Media Kampung – 26 Maret 2026 | A new study published in Radiology shows that radiologists often fail to recognize AI‑generated chest X‑rays. The investigation examined whether experts could distinguish genuine scans from those produced by large language models, revealing unsettling results.

The experiment involved seventeen board‑certified radiologists who were asked to diagnose patients based solely on images presented to them. Synthetic scans were created by prompting ChatGPT with anatomical location, disorder and noise level, yielding images that resembled clinical X‑rays.

When participants first reviewed the images, only forty‑one percent sensed that something was amiss. The majority proceeded with diagnoses as if the pictures were authentic, highlighting the visual fidelity of the deepfakes.

After being informed that some images might be fabricated, the radiologists improved their performance, correctly labeling seventy‑five percent of the cases. Despite this increase, a quarter of the assessments remained inaccurate, indicating persistent vulnerability.
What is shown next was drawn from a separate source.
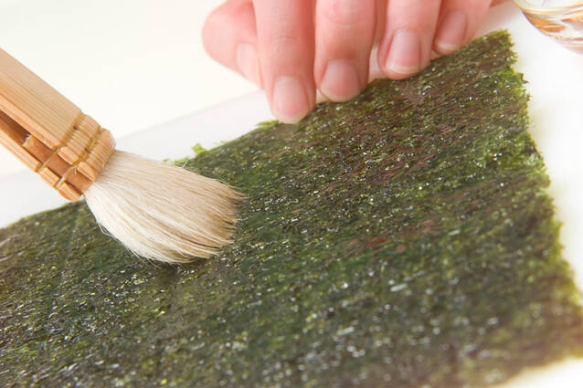 のりは片面に薄くゴマ油を塗り塩を振り掛け、ゴマ油を塗った側を合わせ軽くあぶり、あぶった面を合わせゴマ油を塗った側を軽く焦がさないように香ばしくあぶり、食べやすい大きさに折るように切る。

The generation process required merely textual prompts, yet the output matched the quality of models trained on millions of medical images. Researchers noted that the ease of creation raises concerns about widespread misuse in clinical settings.
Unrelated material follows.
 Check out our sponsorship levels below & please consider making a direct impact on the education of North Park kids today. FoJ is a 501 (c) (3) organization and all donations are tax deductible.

Four multimodal AI systems, including the one that produced the fake scans, were tested for detection capability. Their success rates varied from fifty‑seven to eighty‑five percent, confirming that current AI tools cannot reliably flag their own forgeries.

Lead author Mickael Tordjman warned, ‘If you give back to ChatGPT the same image, it won’t be able to say for sure this is AI and this is not AI,’ calling the limitation ‘disturbing.’ His comment underscores the paradox of AI‑generated content and AI‑based verification.
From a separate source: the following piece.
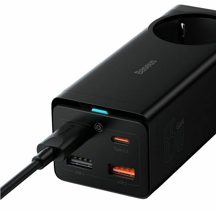 Statie de incarcare Baseus GaN3 Pro Desktop Powerstrip, 65W, 2x USB-C, 1x USB, AC

While no documented incidents of deepfake radiographs disrupting patient care have emerged, experts fear the potential for diagnostic errors and legal liabilities. The risk becomes more acute as generative models become publicly accessible.

Two senior radiologists wrote an editorial emphasizing that unchecked deepfake technology could erode public confidence in medical institutions. They urged immediate development of detection standards and regulatory oversight.

The broader medical community is now debating how to integrate AI safeguards without stifling innovation. Proposals include watermarking generated images, mandatory provenance metadata, and continuous training of clinicians on emerging threats.

In a separate AI‑related episode, the social‑media platform X became the center of a viral confusion over a post dated 1992. Users shared a screenshot claiming the tweet predated the platform’s launch, sparking widespread debate.

The post, originally from 2011, displayed an erroneous timestamp that appeared to be September 2, 1992, prompting speculation about time‑traveling content. X’s built‑in AI assistant Grok intervened to explain the anomaly.

Grok responded that the date was a display glitch caused by legacy timestamp handling, noting the actual posting time was December 11, 2011 at approximately 10:02 JST. The AI clarified the technical cause without resorting to sensationalism.

Technical analysis revealed that the original Unix millisecond timestamp (1,323,565,370,000) overflowed a 32‑bit unsigned integer, resulting in an incorrect conversion to seconds since 1970‑01‑01. This overflow produced the misleading 1992 date.

The incident illustrated how AI can both expose hidden software bugs and inadvertently amplify misinformation when users misinterpret its explanations. Clear communication remains essential to maintain trust.

Both the deepfake X‑ray study and the X timestamp glitch demonstrate a common theme: AI systems excel at creating convincing artifacts but often lack self‑awareness to identify their own errors. This duality challenges regulators and practitioners alike.

Experts advocate for a multi‑layered defense, combining human expertise, AI‑driven detection algorithms, and transparent reporting mechanisms. Such an approach aims to prevent malicious exploitation while preserving the benefits of generative technology.

As generative AI continues to permeate healthcare and social media, vigilance and proactive policy will determine whether society can harness its potential without compromising safety or credibility. Ongoing research and interdisciplinary collaboration are vital to staying ahead of emerging threats.

Artikel ini dipublikasikan oleh Media Kampung.